Lurie, at his annual state of the team address, reiterated that he expects to see a substantially improved team from last season.
Would an 8-8 record, a reporter asked, be good enough for the longtime head coach to come back?
“No, it would not,” Lurie replied.
As a follow-up, Lurie was asked if there are any qualifiers to that statement.
“You just have to make the best decisions you can after the season,” Lurie responded. “As I said, 8-8 was unacceptable.
“I’m not going to make blanket statements, but I really wanted to try and explain to you that 8-8 was unacceptable. I guess if two-thirds of the team is not playing, or…there’s always exceptions, but that was a really unacceptable outcome.”
Reid’s contract runs through 2013. Lurie added that there will be no extension given or decisions made regarding Reid’s contract in-season.

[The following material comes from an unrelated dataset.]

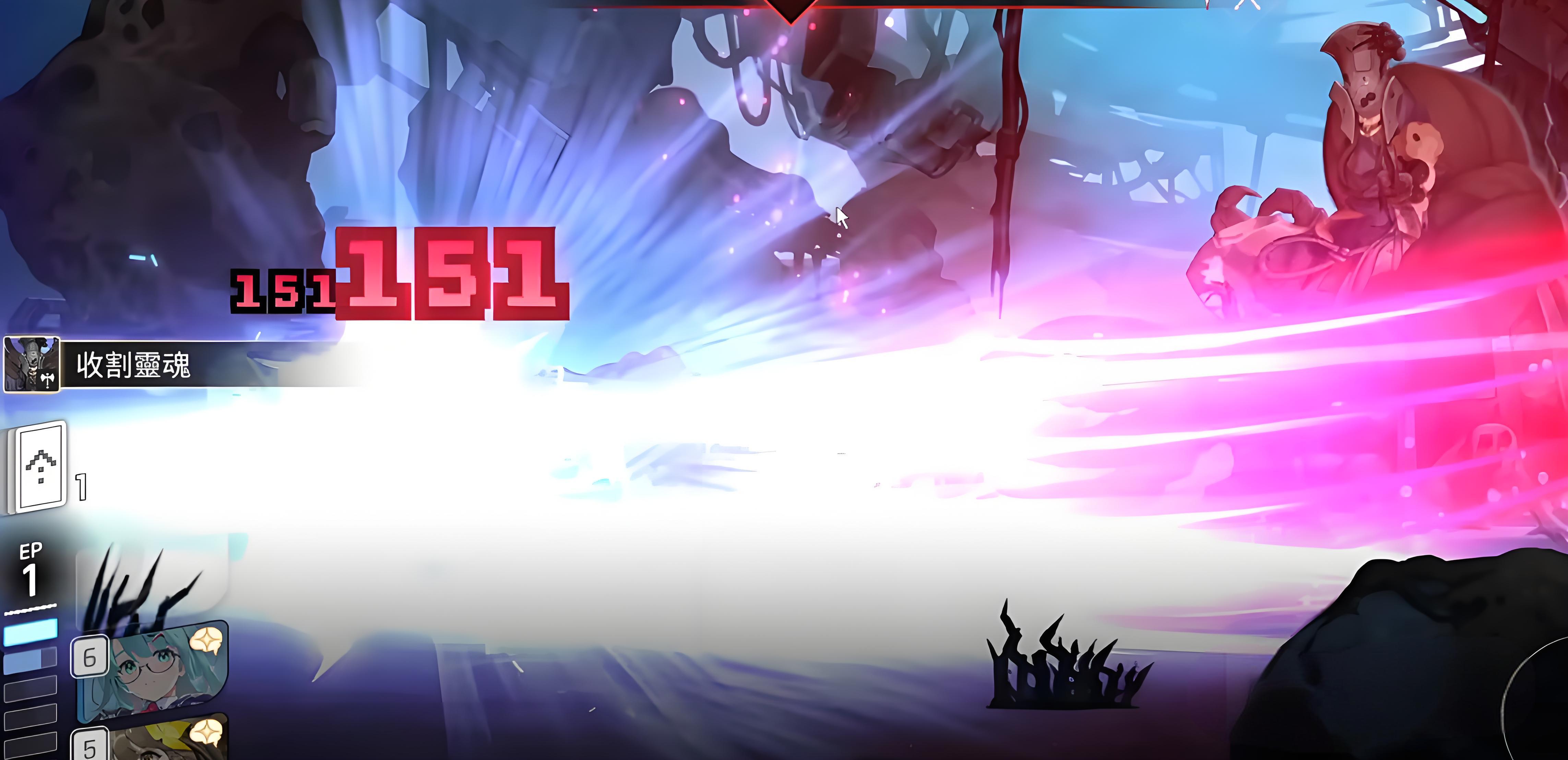 4、两名角色强化满属性后发起总攻,优先打出高倍率单体攻击牌,残血阶段蓝壶攻击变密间隔缩短,配合斩杀牌收割。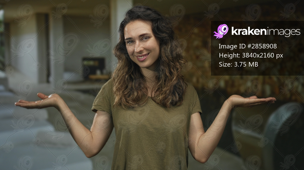 Woman shrugs with palms up by indoor pool in concrete building corridor; uncertainty solitude contemplation.

And with that, we jump into the 2012 Eagles campaign.
Speaking in the bowels of Lincoln Financial field in front of the preseason finale against the Jets, Lurie spent much of the time throwing his support around the head coach, particularly in light of the family tragedy that Reid is going through. Lurie said he felt a personal responsibility to be there for the Reids this year, and that the city has responded by rallying around the coach.

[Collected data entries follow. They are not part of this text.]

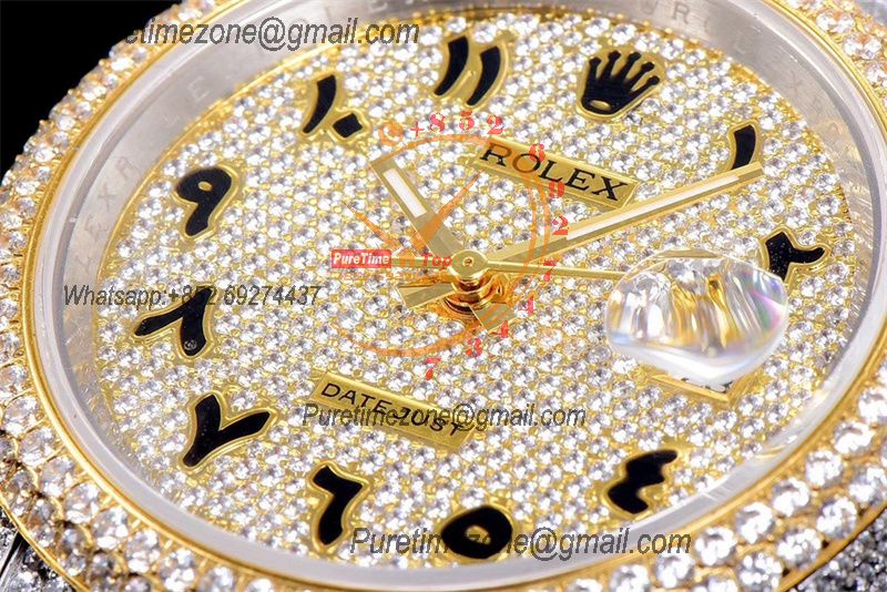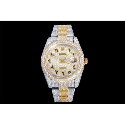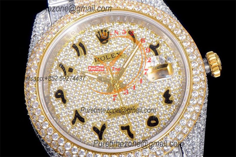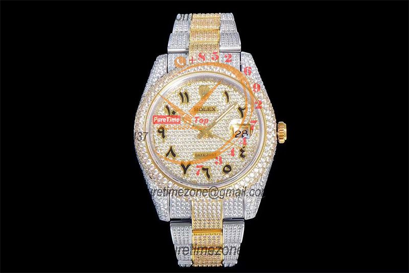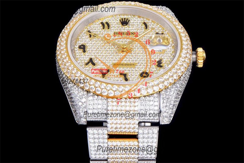 Datejust A2824 Automatic Mens Watch 41 Best Edition RRF Yellow Arabic Paved Diamonds Fully Iced Out 904L Steel Bracelet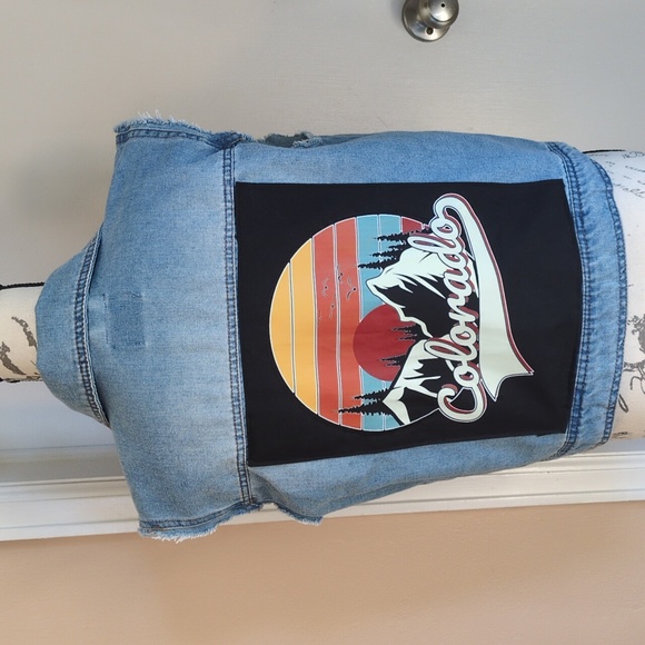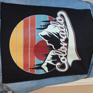 I ambellished this denim vest with a colorful Colorado graphic.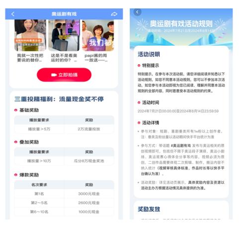 奥运会期间,带话题 #奥运剧有戏 发布与奥运相关的原创视频即可参与奖励分配。《夺冠之华丽逆袭》《奥运之夺冠时刻》《造浪少年》等短剧均带上了该话题,在快手内热度较好。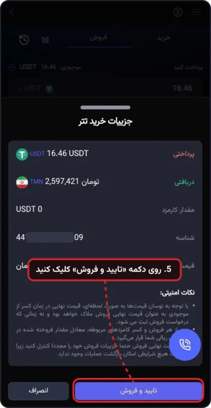 در صورت تایید، روی گزینه «تایید و فروش» کلیک کنید.

“The team, the organization, the players and our fans, the Philadelphia community, have been galvanized to support this family. It’s an unmentionable pain that they are going through,” said Lurie. “It provides a terrific sense of common purpose to have everybody so wanting this to be successful. It’s kind of like ‘Team Andy.’ We so much want this to work out in a great way and maximize the talent we have. And I think we’ll know at the end of the season whether that unity has occurred, and whether that common purpose that we all share and excitement for the season that we all share, comes to fruition. But there’s a real opportunity for success.”
Still, Lurie said that the NFL is a business, and Reid will be evaluated purely as a coach.

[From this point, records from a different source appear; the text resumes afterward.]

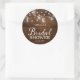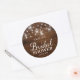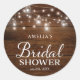 Pegatina redondo Rustic Bridal Shower con luces en frascos de máscaras y cuerdas de luces con la palabra "Bridal Shower" contra un fondo de patrón de madera marrón. Es el pegatina perfecto para una ducha de novia rústica o rural. Consulta la invitación coincidente y elementos como pegatinas y sellos aquí https://www.zazzle.com/collections/rustic_wood_mason_jars_and_lights-119202204970019494?rf=238364477188679314 Personalízalo reemplazando el texto del marcador de posición para añadir tu información. Para obtener más opciones, haga clic en el botón "Personalizar". *Tenga en cuenta que la marca de agua Zazzle que aparece en la vista previa del zoom NO aparecerá en el producto impreso final. © Rosewood y Citrus
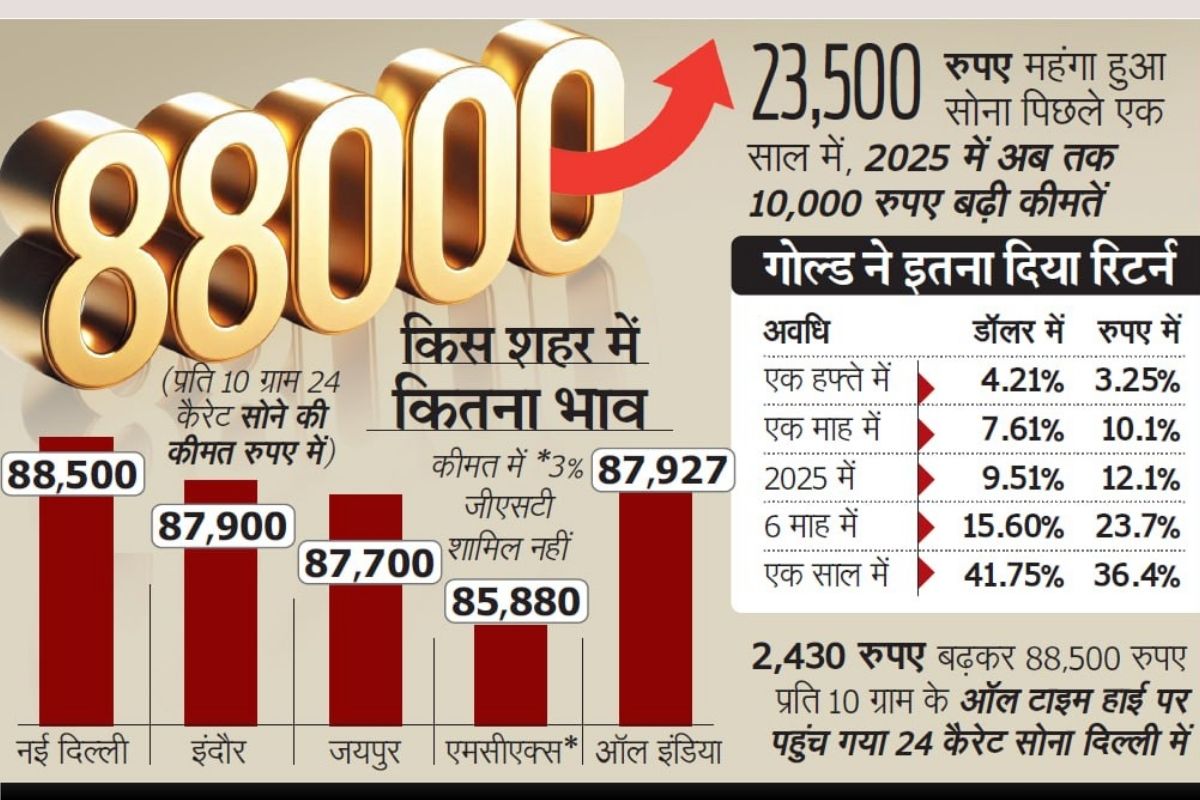 एमसीएक्स पर सोमवार को 10 ग्राम 24 कैरेट वायदा सोना 85,900 रुपए के नए ऑल-टाइम हाई पर पहुंच गया। आइबीजेए के मुताबिक, देशभर के सर्राफा बाजारों में 10 ग्राम 24 कैरेट सोने की औसत कीमत करीब 1,000 रुपए चढक़र 87,900 रुपए पर पहुंच गया। इस भाव में 3त्न जीएसटी शामिल है। सोने की कीमत में पिछले एक साल से लगातार तेजी आ रही है। इस साल अब तक इसमें 10% से ज्यादा की तेजी आ चुकी है। वहीं भारत में पिछले एक साल में सोना 23,500 रुपए से अधिक महंगा हुआ है। फरवरी 2024 में 10 ग्राम सोने की कीमत 64,200 रुपए के करीब थी।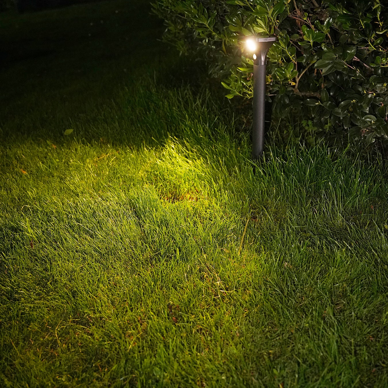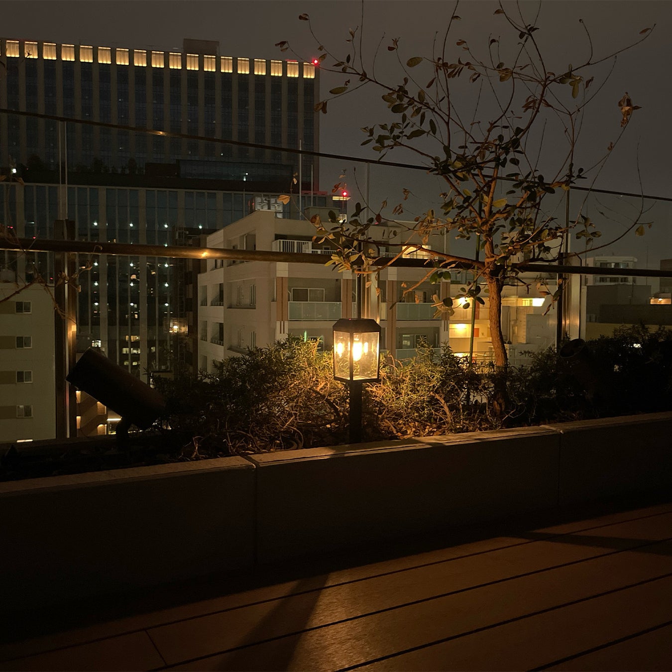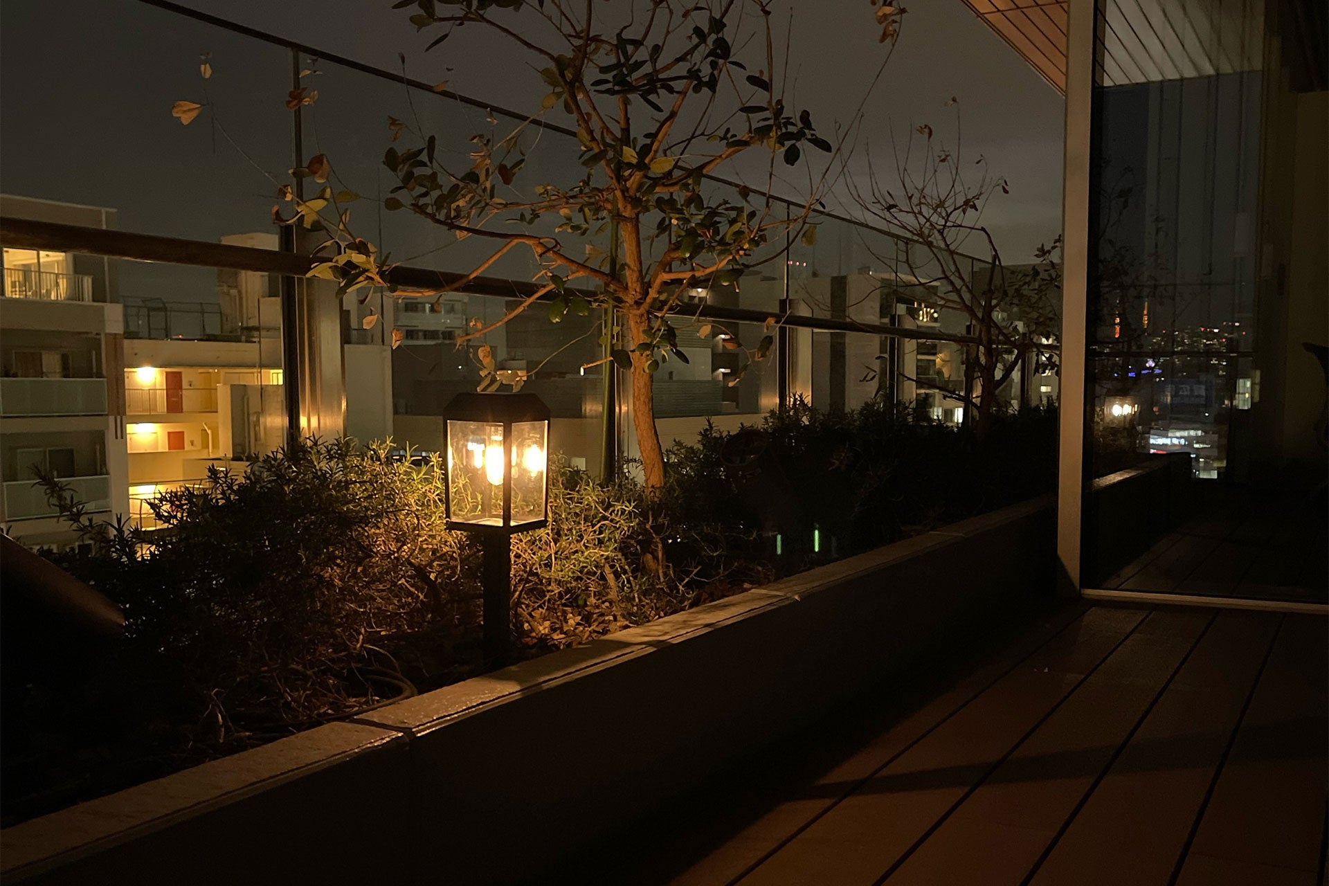 日が暮れると柔らかな明かりが点灯。さらに人が近づくと人感センサーでフル点灯し、しっかりと足元を照らすので夜間の玄関先などの使用に最適です。またフル点灯後30秒後に20%程度に調光します。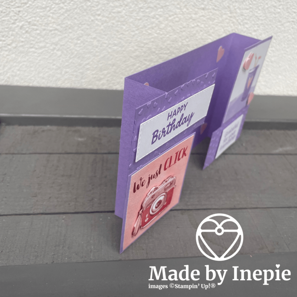 Deze funfold heet een Puzzle Slider card en zag ik bij Created the Ottaway. Maar ik heb zelf de maten aangepast omdat ik twee vierkante puzzel stukjes wilde. Het was even puzzelen haha maar het is supergoed gelukt! En Celine vond hem erg leuk en was er blij mee.

“There’s no question that we need substantial improvement. We have a very good team I think on paper, and paper doesn’t get you that far if you can’t maximize it,” said Lurie. “I’m so excited about this season, I think everybody in this organization and this fan base is very excited, but it’s a difficult league and you have to beat the teams that are also very good.”
Reid’s agent, Bob Lamonte, recently suggested that his client would be the Eagles’ head coach as long as he wanted, or at least as long as Lurie was the owner. Lurie immediately issued a statement throwing cold water on that notion. He had this to say about it on Thursday.
“That’s not the way I operate,” said Lurie. “We have a very set philosophy. We don’t talk publicly about contracts with coaches; we don’t talk about the performance of the key executives and coaches. We don’t do that. And there would never have been a situation where I would make a commitment that was not philosophically consistent with what I’ve always done, which is be very analytical and stand back and make judgments.
“It’s the nature of the coaching profession. It’s not the most stable profession.”
Lamonte also threw out the idea of Reid transitioning to the front office at some point. Lurie said that he and Reid have never discussed the idea.